The two end up banding together, and bonding in intense ways after a rogue Russian satellite causes some kind of chain-reaction debris field resulting in irreparable damage to their ship. The debris field is of course orbiting the earth at a ridiculous speed, and so the two have a limited amount of time to seek refuge in the International Space Station. Things go from bad to worse — Murphy’s Law is taken to comical and exhausting extremes — but suffice to say that Kowalski dies and Dr. Stone eventually makes it back to earth, but not before coming to terms with the death of her daughter and talking herself into believing that she deserves to survive. The plot specifics matter less than the psychological arc of the film, which can be summed up by words from a much stronger movie about survival: Life finds a way.

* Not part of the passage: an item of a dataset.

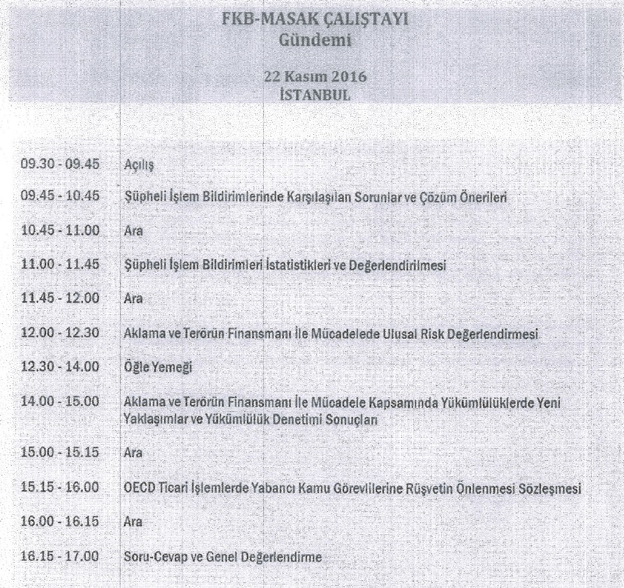 Finansal Kurumlar Birliği, Türkiye Sigorta, Reasürans ve Emeklilik Şirketleri Birliği ve Türkiye Sermaye Piyasaları Birliği'nin ortaklaşa düzenlemekte olduğu uyum görevlilerinin veya bağlı bulundukları üst düzey yöneticilerinin katılımının öngörüldüğü MASAK çalıştayı 21-22-23 Kasım 2016 tarihlerinde gerçekleştirilecektir.

Gravity’s most obvious assets are its visual effects, which British-based Framestore spent three years perfecting. The film, especially when seen on IMAX, looks fantastic. Space seems vast — so vast that it’s almost claustrophobic, pressing in on the tiny humans unmoored from their home planet and enveloping them in black vacuum. I know there have been a million objections to certain discrepancies with the physics of the film, but I don’t really care. And I’m not really sure why others do either. It’s a work of fiction, after all, and doesn’t owe anything to the known physical laws of the universe. How boring would science fiction be if that were actually a criterion by which we judged it?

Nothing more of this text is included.